Prove this matrix algebraic equation

Question

Let $X$ be an $n \times m$ matrix, $x_i^T$ the $i$th row of $X$. Is it true that $\sum_{i=1}^n x_i^T (X^T X)^{-1} x_i = m$ ? How do I prove it?

Answer 1

We assume $m\leq n$ and $rank(X)=m$. We consider the thin SVD of $X$ cf. https://en.wikipedia.org/wiki/Singular_value_decomposition

$X=U_{nm}\Sigma_{mm} V_{m,m}^*$ where $U^*U=I_m,V^*V=I_m,\Sigma=diag((\sigma_i))$ where $\sigma_i>0$. The $i^{th}$ row of $X$ is $X_i=U_i\Sigma V^*$ where $U_i$ is the $i^{th}$ row of $U$. Note that $X^*X=V\Sigma^2V^*$ and $Y=(X^*X)^{-1}=V\Sigma^{-2}V^*$.

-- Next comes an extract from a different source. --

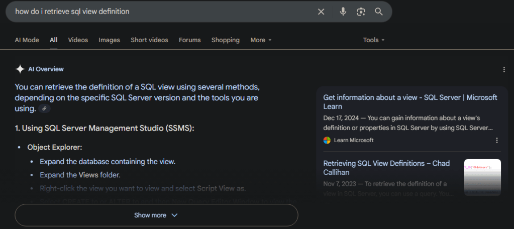 For example, let’s say I want to find how to retrieve SQL view definitions. If I search Google, I get the following result:

We calculate $\sum_{i=1}^n X_iYX_i^T=\sum_i U_i\Sigma V^*V\Sigma^{-2} V^*V\Sigma U_i^*=\sum_i U_i\Sigma\Sigma^{-2}\Sigma U_i^*=\sum_i U_iU_i^*$.

Remark that $tr(U^*U)=tr(I_m)=m=tr(UU^*)=\sum_i U_iU_i^*$ and we are done.